Well after I stopped posting on the boards my WS decided to invite me out to see her for a few days while her parents were out of town. I just returned today and it was probably one of the best weeks of my life and at least the best one since this all started. 

With the help of my counselor I figured out a plan of action for while I was visiting. I decided to act as if we weren't separated and to show her how much she means to me. Well long story short it worked amazingly well. After a great night out and an amazing dinner my wife and I were discussing her getting a new car and me possibly helping her out with the down payment and she asked me why it would matter if we were still together and she moved back here with me. I was pretty shocked but extremely excited! 

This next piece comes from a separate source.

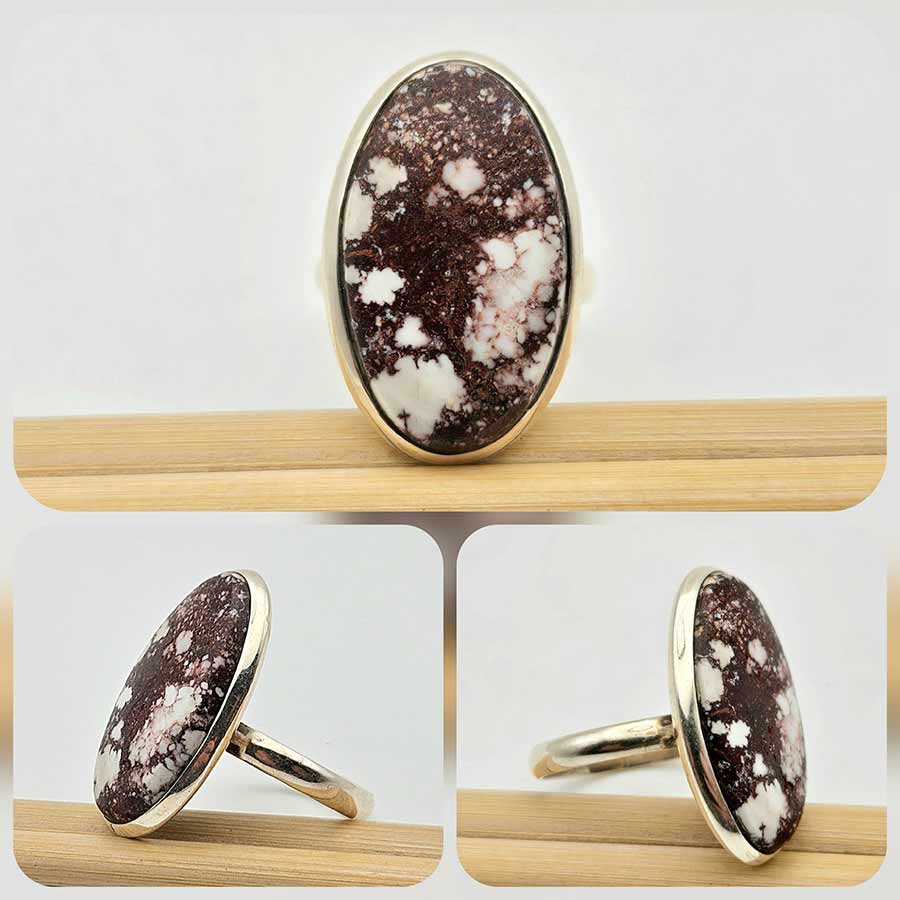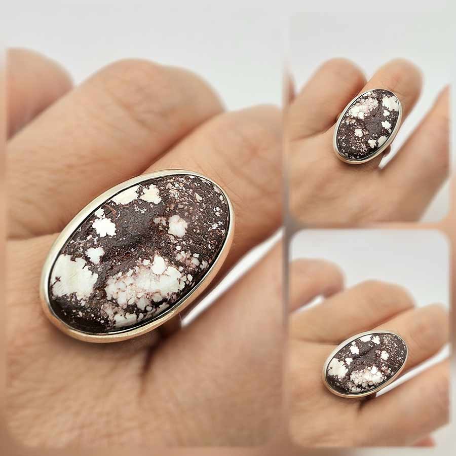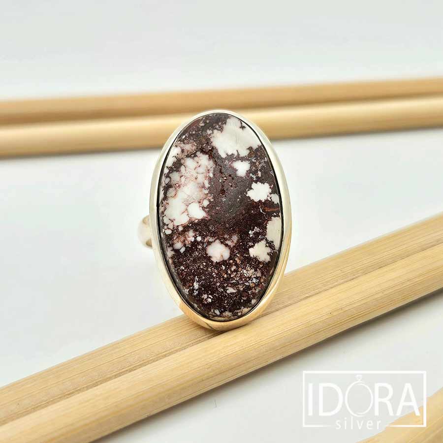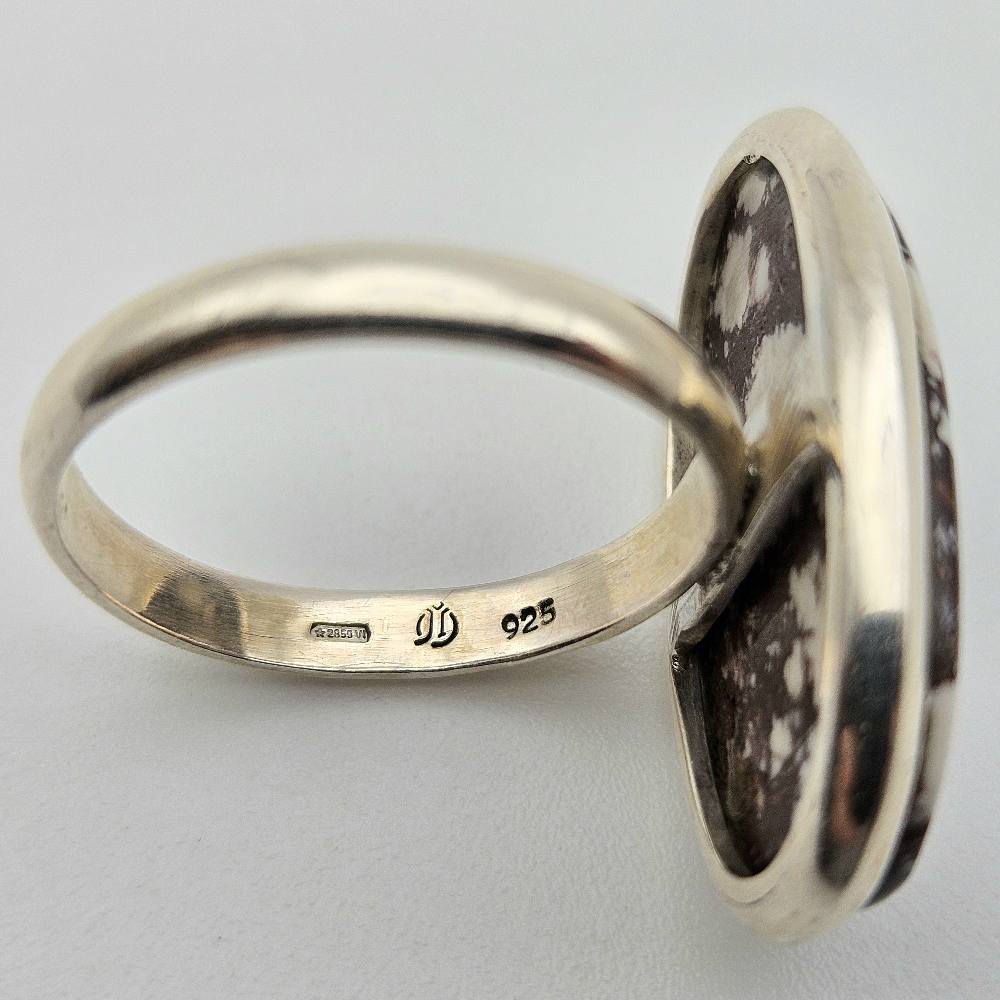КОНСКИ ЯСПИС в дълбоки кафяви тонове, преливащи в кремави и снежнобели петна, в драматичен контраст, напомнящ експлозия в миниатюрна галактика, прегърната от сребърна рамка, нежно подчертаваща естествената му текстура и придавайки усещане за елегантна завършеност – комбинация от сурова природна енергия и изтънчен минимализъм.

So I will be going back out there to pick her up in about a month and we will begin the arduous task of reconciling. She said she will give it six months at first and than re-evaluate from there so there is still hope and I think we can actually make this thing work. A lot of my friends think I'm an idiot and that she is playing me but that's a lot to do just to play me. I mean to move across the country, quit her job and her gym to give our marriage a chance says something in my book.


----------



## bcc

Well I can tell you that you are not an idiot, i got back with my wife after she completely destroyed our trust and even put my beloved children in jeopardy by moving a drug dealing S**tbag into MY house 2 weeks after our separation. I found out he had three outstanding warrants and had is a*s arrested out of my house. She lost custody and the house to me and fell apart. By the end she was practically living in her car and I took her back and we are happy. That was two years ago. I fight everyday with myself though and I am struggling with that . The memories of what happened. There is a lot of people on here that helped me get through that. Most people think I was crazy for taking her back but go with how you feel


----------



## defton519

Thanks, I'm pretty much in the same boat. I found a letter she had written to the OM and it had a lot of hurtful things in but she was very quick to apologize for me seeing it and has since gone NC on the OM. It still hurts a lot but I know that it is to be expected and forgiveness is the only way that I can start healing for me. I know that we can heal our relationship but I also know I will always be afraid of deploying again. With only 7 years left though I'm hoping I can keep those to a minimum. I'm glad to hear that someone else has made it 2 years in to an R that is pretty motivating.


----------



## What-a-to-do

Well, I am pleased for you, I really am. Theres nothing like that feeling when you have won the person back who you have loved and lost but still kept on loving.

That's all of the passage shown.